The avant-garde documentarian explores the interplay between natural and unnatural worlds in two recent films now streaming on MUBI.
British-Argentinian director Jessica Sarah Rinland’s films don’t approach nature on its own terms. Unlike other nature documentarians, she’s more interested in the ways humans take care of the wild world and the de-naturalization inherent to that process. Fitting for a filmmaker who won the Arts & Science award at the Ann Arbor Film Festival in 2014, the subjects of her films are often plants, animals, and artifacts. Disembodied hands of scientists act as supporting characters and subtextual cues as they sneak into frame. MUBI is hosting two such films this month—Black Pond (2018) and Those That, At A Distance, Resemble Another (2019)—with each finding a sweet spot between the art house and schoolhouse.

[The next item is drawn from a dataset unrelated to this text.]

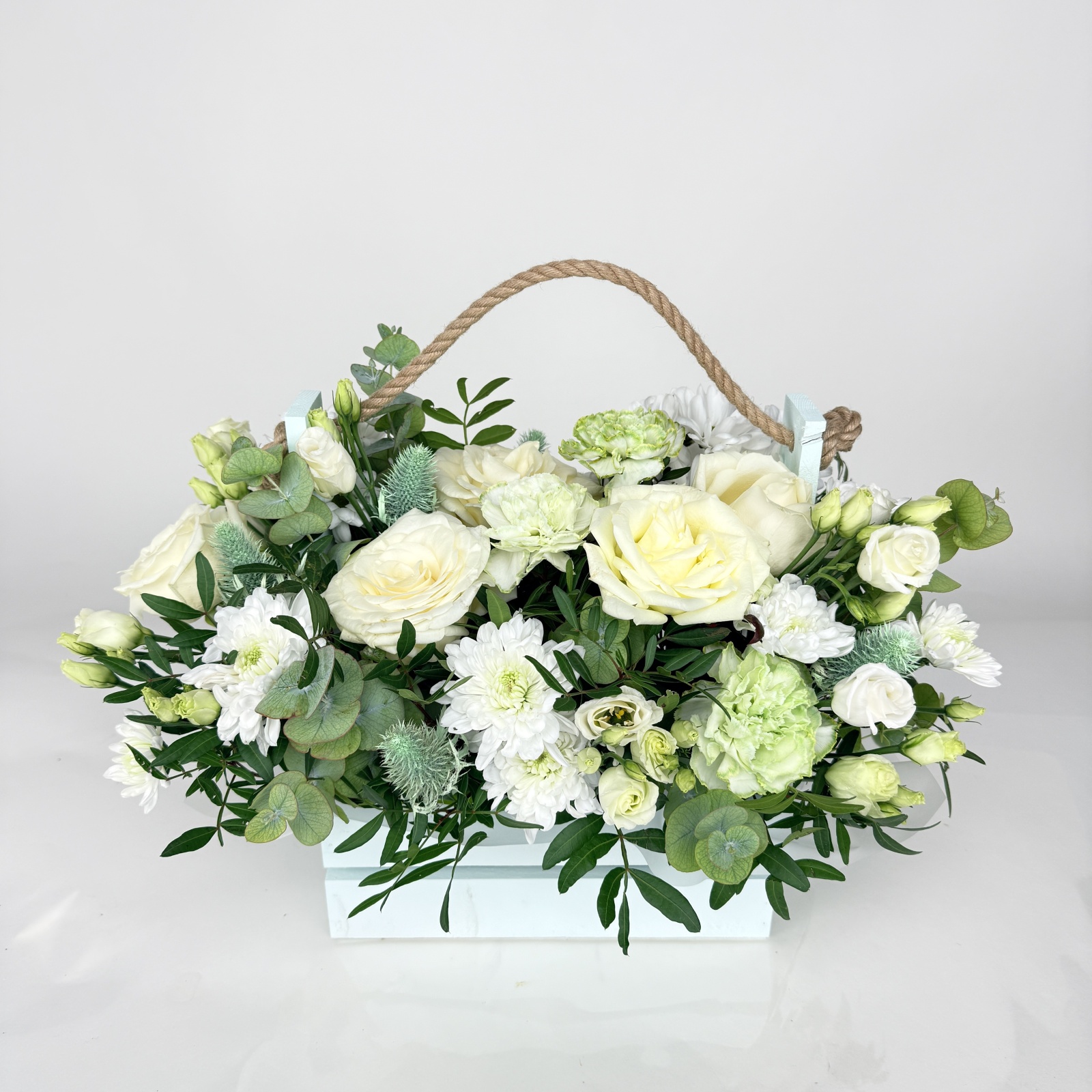 Состав: роза 6, гвоздика 3, хризантема кустовая 2, эрингиум 1, фисташка 0,3 и прочее. под заказ

Black Pond focuses on the land maintained by the Elmbridge Natural History Society outside of London. While scientists speak about the plants and animals native to the region, Rinland’s colorful still 16mm photography blends with historical photos of the land in a way that makes the film feel outside time. Between past and present, the landscape has minimally changed. Records show it was occupied for a time in the 1600s by The Diggers, a proto-anarchist political dissident group. This historical connection to some of the earliest recognized agrarian socialists roots the film in a vaster conversation about the shift in Western environmentalist movements from radical to mainstream.

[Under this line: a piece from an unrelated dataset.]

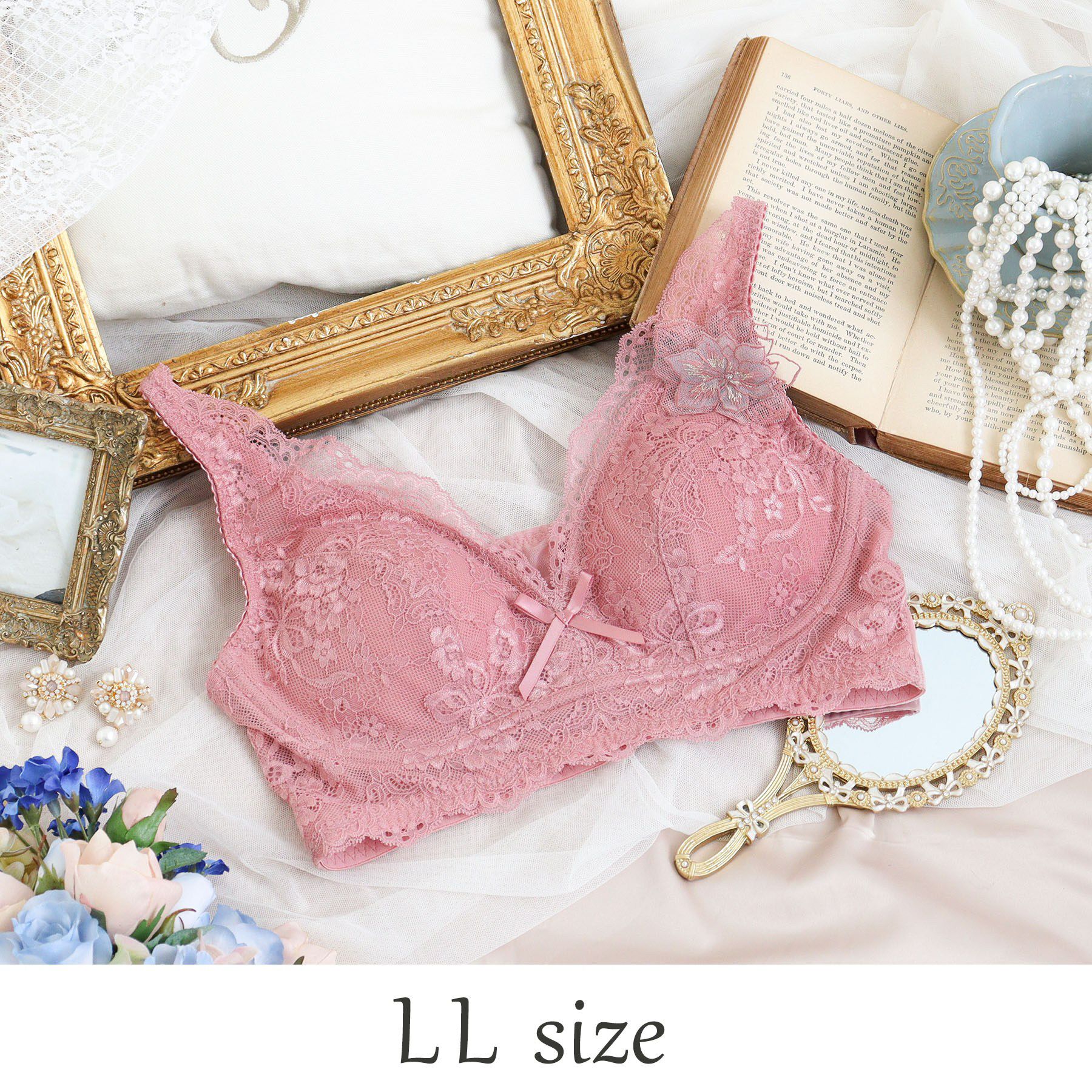 【レースで紡ぐ愛の言葉】優雅なアンティークの世界から生み出された、愛の言葉が散りばめられたシリーズです。おやすみブラはカップ全体を上品なレースで覆い、長く愛せるデザインに。ワンポイン.. |

MUBI’s other Rinland selection, Things That, At A Distance, Resemble Another (2019), is similarly focused on scientists who work with collections of natural and historical artifacts. The professionals profiled are all involved in the process of either restoring or fabricating materials, and the film’s central gambit is to move so fluidly between the two that the real and the fake become inseparable. The film’s main “character,” as such, is a chipped elephant tusk that goes through numerous rounds of cleaning, sculpting, and smoothing to create a pristine final product. Showing that the art of preservation sometimes involves reverting a natural thing to such a pure state as to render it completely unnatural, Rinland interrogates what it means to maintain a version of the natural world that may have never existed.

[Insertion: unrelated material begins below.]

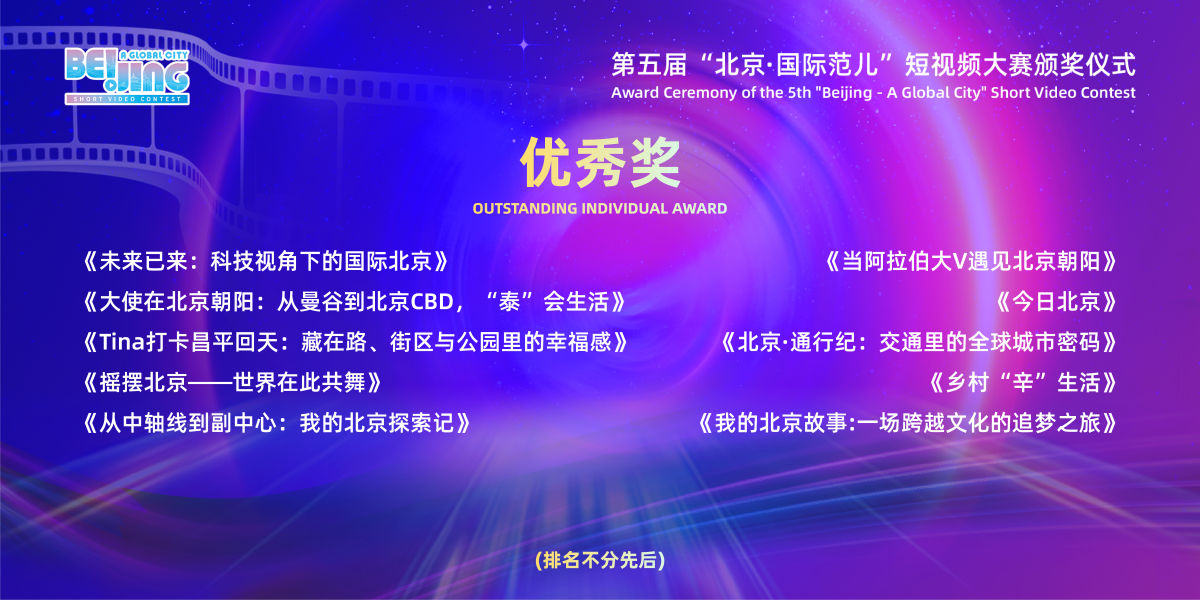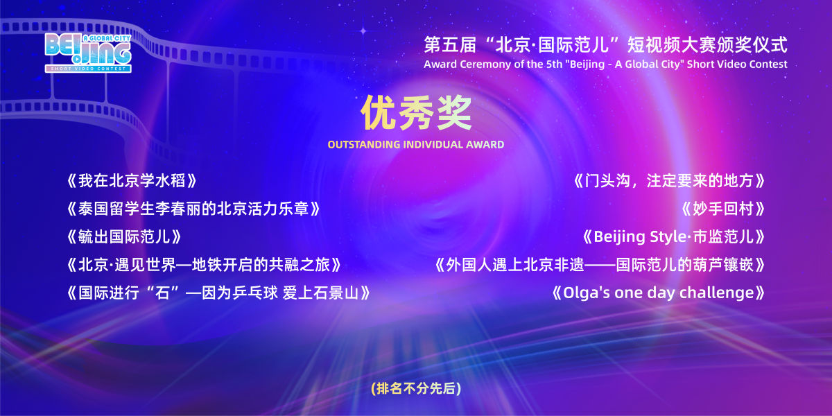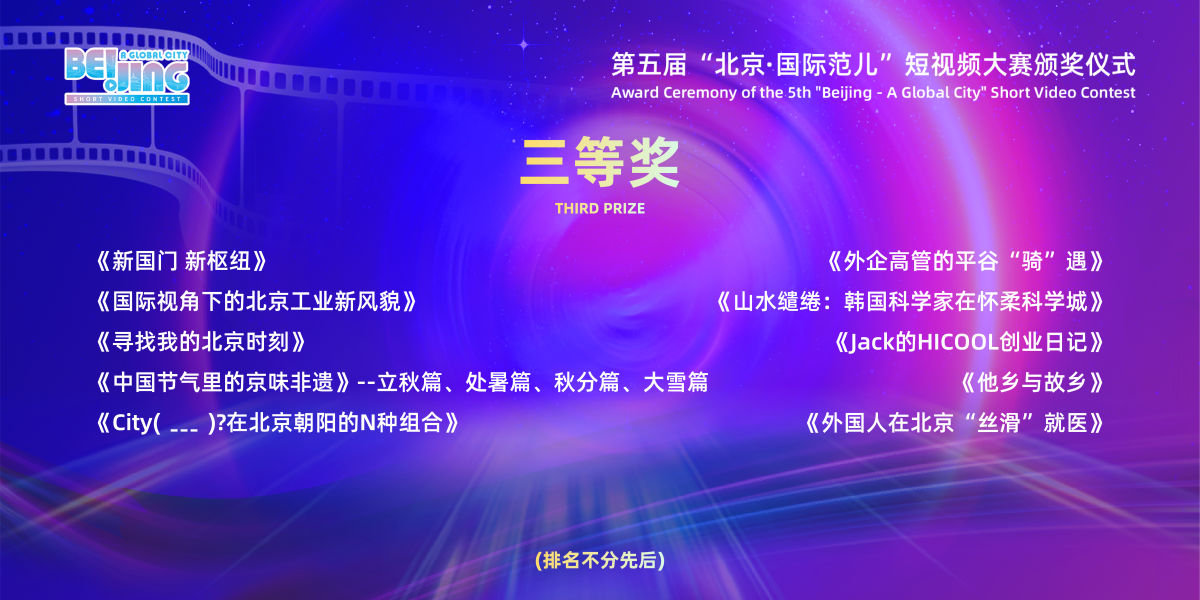中新网北京新闻12月30日电 12月29日,第五届“北京·国际范儿”短视频大赛颁奖仪式在中国电影博物馆举办,《China Travel in北京》等47部作品分获一二三等奖、优秀奖和单项奖。北京第二外国语学院党委宣传部等单位获得优秀组织奖,北京电影学院贾婷等获得优秀指导奖。

However, Rinland seems more optimistic and reverent of these practices than the aforementioned suggests; she features her own hands doing ceramics work in Those That, At A Distance… The film’s final image is foreboding nonetheless; with its restoration complete, a 3D-rendered version of the elephant tusk spins slowly in mid-air, calling to mind an item inventory screen in an early 3D video game. The image is startling, if only for being a clear departure from the warm celluloid-based images that make up the rest of the film. But the sudden intrusion of the digital is the logical progression of a film that also features laser-cleaning of dirt from an elephant tusk. No matter how “true” the physical process of capturing images on film, it’s still an elaborately constructed human invention that creates a copy of reality.
In taking the film in conversation with Black Pond, Rinland is clearly fascinated with the point at which the natural becomes unnatural through human conservation. Even the overtly environmentalist work of the Elmbridge Natural History Society can be bogged down in technicality, studying, and demystifying the natural world to the point where the land is more like a zoo with invisible walls, or a Baudrillardian copy of nature.
Although Black Pond takes this on more directly, both films are also haunted by the specters of those who used to inhabit the worlds we preserve. The Diggers, in particular, lend a political subtext to Rinland’s work; early agrarian socialists (as well as the Indigenous peoples whose artifacts are being handled in Those That, At A Distance…) used the land symbiotically, and they recognized a human role in an ecosystem that was both sustainable and sociopolitically necessary. Regardless of the quality of work, a nationally-backed government body now specifically tending the land to prevent excessive human interaction feels ironic with this framing. But Rinland is careful to still recognize the necessity of the work. It is not environmentalists’ fault that the safest way to engage with the world happens to be with gloves on. Rinland’s keen ability to explore this historical ambiguity through beautiful imagery makes her films necessary viewing.